Ich meinte zu erkennen, dass sie etwas rot anlief, aber sicher lag das nur an der mörderischen Hitze.
„Ich dachte, dass schwarz und rot nun mal gut zusammen passen und eh.....“, sie stockte und warf sich dann in Pose,“Gefällt es dir?“
Ich hob meine Augenbrauen an und schüttelte den Kopf.
„Wie war das noch mit Konzentration?“, grinste ich.
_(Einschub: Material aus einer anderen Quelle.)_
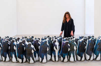 Thus, Michelangelo Pistoletto proposes, in the itinerary of the exhibition, his historical work of 1978 “Fame, Amore, Arte” (Hunger, Love, Art); the artist invites visitors to lend their “special” chair – the one they feel and participate in the creation of Terzo Paradiso (Third Paradise). The invitation to dialogue is reiterated by the artist with “Mar Mediterraneo”. Tensions are also discussed in the artwork “Canto V” by Arcangelo Sassolino. Long the way, we also discover works related to concrete political situations, both past and present: “Louis Vuitton voyage avec Karl Marx” by Carlos Garaicoa, or “El beso de cristal” by Reynier Leyva Novo. Lucy+Jorge Orta works have a political character. Thr exhibition welcomes four artists currently on display at the 58th International Art Exhibition – Venice Biennale: Shilpa Gupta, Zhanna Kadyrova and Sun Yuan & Peng Yu. Jannis Kounellis and Kader Attia show the strength of a profound integrity. Ai Weiwei invites us to radical gestures as well. Nari Ward conceived a work specifically for the exhibition, thinking of today's France. The ways of investigating the power manifested in the works of the invited artists are very diverse. Another special project is “Inside Out” by JR: a mosaic of faces and stories encapsulating the living power embodied in each person. On the JR’s wall, many of the people who have animated Les Moulins’ nowadays history with their energy and their ideas are on display. Among all these faces, there are also those of the French staff of the gallery.
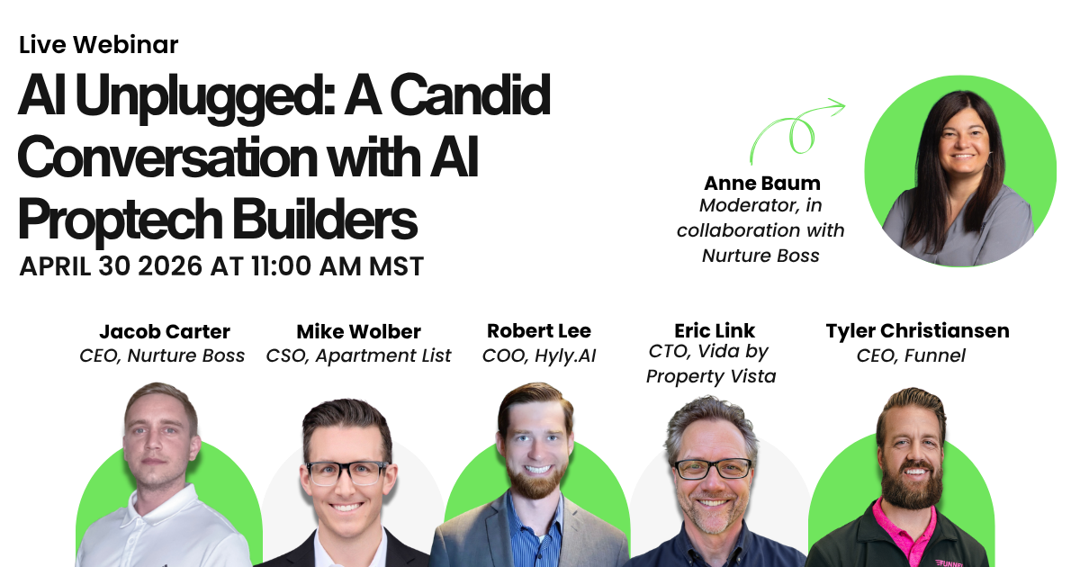 This webinar is brought to you by Nurture Boss and moderated by operator and co-host of The Apartment Department, Anne Baum, ensuring the conversation stays grounded.
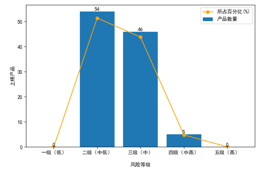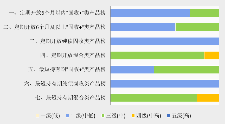 (注:榜单中彩色条形长度代表数值大小,同组数值越大,条形长度越长。R-Ⅰ、R-Ⅱ、R-Ⅲ、R-Ⅳ、R-Ⅴ分别代表产品风险等级一级(低)、二级(中低)、三级(中)、四级(中高)、五级(高)。)
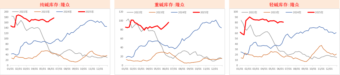 高产量下,纯碱库存历史最高水平。其中重碱库存有加速上升趋势。
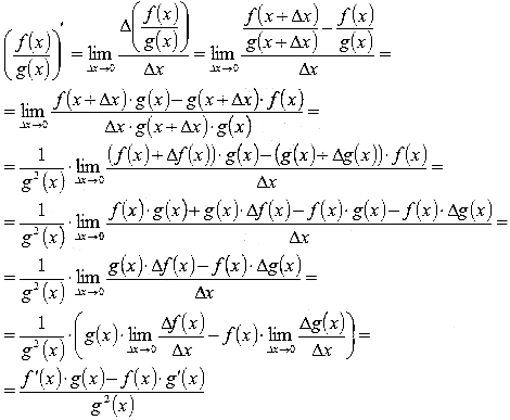 Производная частного двух дифференцируемых функций (при условии, что знаменатель не обращается в ноль) равна дроби, числитель которой представляет собой разность между произведением производной первой функции на вторую функцию и произведением первой функции на производную второй функции, а знаменатель равен квадрату знаменателя данной дроби.
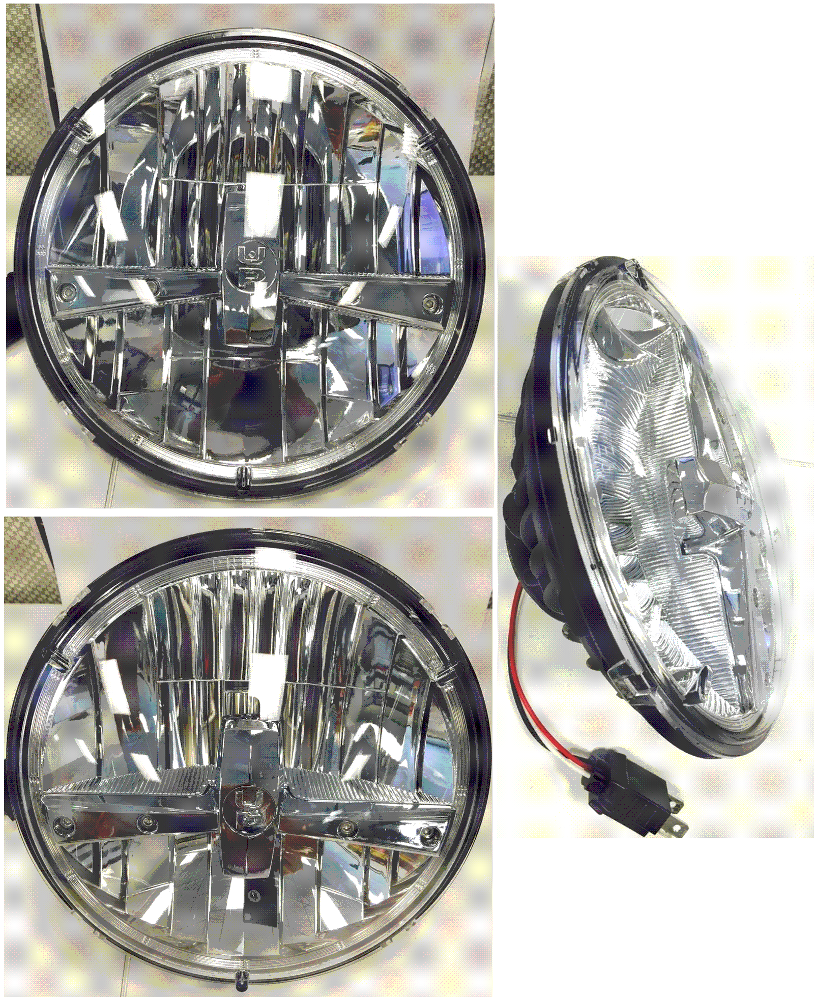 | 31391 | All with 7" | 5 high Power LED Headlight Bulb Assembly, Crystal lens and Chrome Metal reflector, 7" diameter, with 5 High Power LED's (Low beam is 1 x 15 Watt LED 1.7 Amps 500 Lumins & High Beam is 4 x 3 Watt LED's 2.6 Amps 1100 Lumins), 12 Volt bulb, SAE/DOT FMVSS 108 compliant, Fits all headlights with 7" bulb, These Are way cool!! (In Stock) |
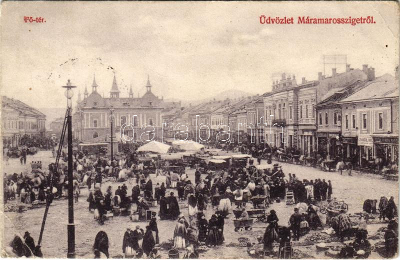 1906 Máramarossziget, Sighet, Sighetu Marmatiei; Fő tér és piac, árusok, Angol bolt, üzletek. Wizner és Dávid kiadása / main square, market, shops (EK)

„Oh, jetzt hast du es mir aber gegeben!“, kicherte sie,“Übrigens, wo bist du während des Rennens eigentlich hin verschwunden? Du warst auf einmal wie vom Erdboden verschluckt......“
„Nun ja eh.........“
Doch einer von Isshinas Bediensteten zog mich gerade noch mal aus der Misere und ich dankte ihm dafür.
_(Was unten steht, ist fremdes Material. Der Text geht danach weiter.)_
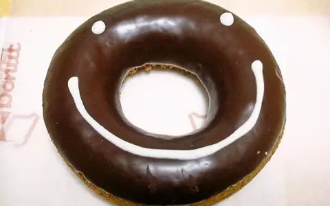 これの見どころは何と言ってもにっこり笑顔のデコレーション。夏の暑さに負けない元気が湧いてくる。こちらも生姜のドーナツ生地。上半分にチョコレートがコーティングされている。
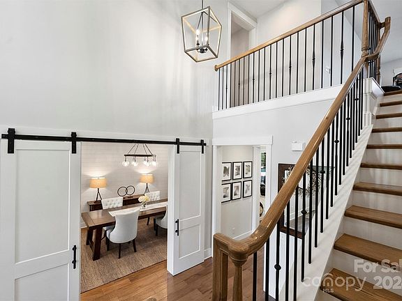 Welcome to the epitome of modern farmhouse luxury. This stunning residence has been meticulously upgraded to perfection both inside and out! Gorgeous, white kitchen with solid surface tops, custom backsplash, massive center island, Wolfe and Sub Zero appliances, opens to great room with FP, built in shelving and 2 sets of panoramic doors to bring the outside in. Main level primary and guest suites, DR w/rustic shiplap accent wall & barn door. Upper level features 3 generous BR's, each with en suites & custom closets, large bonus room (or 6th BR) and generous UL Den. Spectacular outdoor oasis featuring covered back porch w/retractable screen, heated salt water pool and spa, fire bowls, fire pit and outdoor KT in a covered cabana which leaves nothing to be desired. New landscape lighting, beautiful fixtures, 8' doors on both levels, and plantation shutters throughout. Incredible location, walking distance to highly rated Cox Mill schools and the new planned JE Ramsey park! Welcome Home!
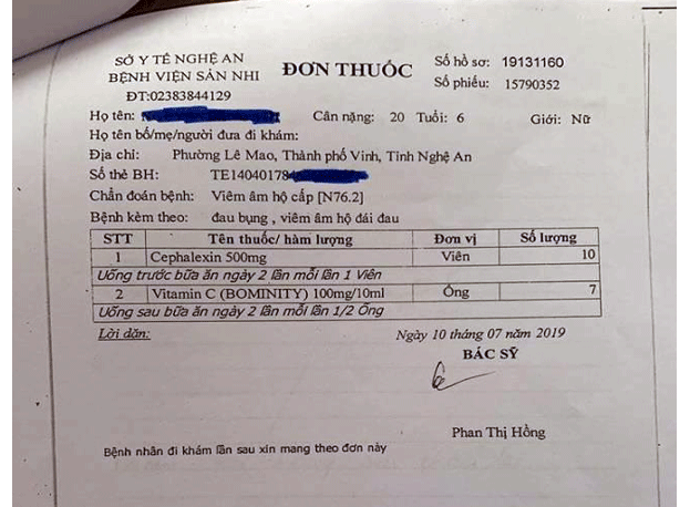 Đơn thuốc được cho là của con gái anh Tr. khi cháu được đưa đến Bệnh viện Sản Nhi Nghệ An khám. Ảnh: N.H
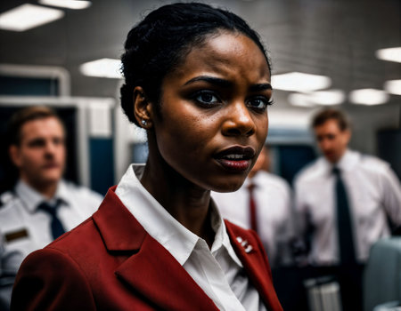 photo of rage angry black air hostess crew woman arguing the other with wound on face, generative AI
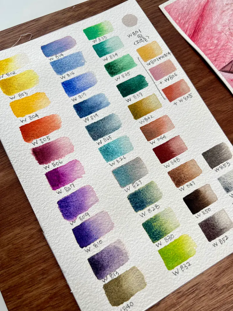 미젤로 수채화물감은 화실에서도 즐겨 사용하는 브랜드인데, 발색이 좋아 늘 만족하며 쓰고 있었어요.

„Wir möchten bitte mit Isshina sprechen. Es ist dringend!“, sagte Tomoe und verneigte sich.
„Sehr wohl.“, sagte er und führte uns hinein,“Korukawa Sama erwartet euch bereits.“
Das, machte uns wieder sehr stutzig. Rasch, begaben wir uns ins Haus, ließen uns vom Diener auf die Veranda führen, wo Isshina mit einer Shamisen und einer Tasse ihres speziellen Tees, den sie mir mal eingeflößt hatte, mit gekreuzten Beinen saß und ihre Finger über die Saiten gleiten lies.
„Hallo wie geht’s denn so, Isshina?!“, sagte Tomoe mit ernster Mine.
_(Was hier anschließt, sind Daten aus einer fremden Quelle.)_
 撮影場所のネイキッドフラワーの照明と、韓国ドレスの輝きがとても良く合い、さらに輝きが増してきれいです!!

Isshina drehte sich im sitzen um, nickte uns zu, setzte dann ihr gewohntes, kaltes Lächeln auf und hob ihre Tasse an.
„Darakaija.“, sagte sie gelassen, “Deine Kühnheit ist wirklich beeindruckend.“
Ohne lange zu reden, führte sie uns nach oben und ging nicht auf unsere Fragen ein. Bis wir irgendwann in einem Flur stoppten.
„Ok, Korukawa, was ist hier bitte los!“, fragte Tomoe,“Was soll das alles?!“
„Dort hinten.“, sagte sie.
Wir gingen noch ein Stück weiter und stoppten dann schließlich, vor einer großen Doppeltüre, auf dem etwas aufgemalt war. Ein mir sehr bekanntes Bild, was mich in meinen Albträumen der letzten Wochen immer mal wieder heimgesucht hatte. Die drei Augen. Ich hatte mir das alles doch nicht eingebildet.
„Ich hoffe das lohnt sich auch.“, murmelte Tomoe,“Was ist das hier?“
Sie lächelte uns an und verneigte sich.
„Willkommen in unserem aller Heiligsten. Dem Schrein, des Darama Orochida.“
Jetzt, sollten sich zumindest, ein paar Fragen die sich uns in der letzten Zeit aufgedrängt hatten, aufklären.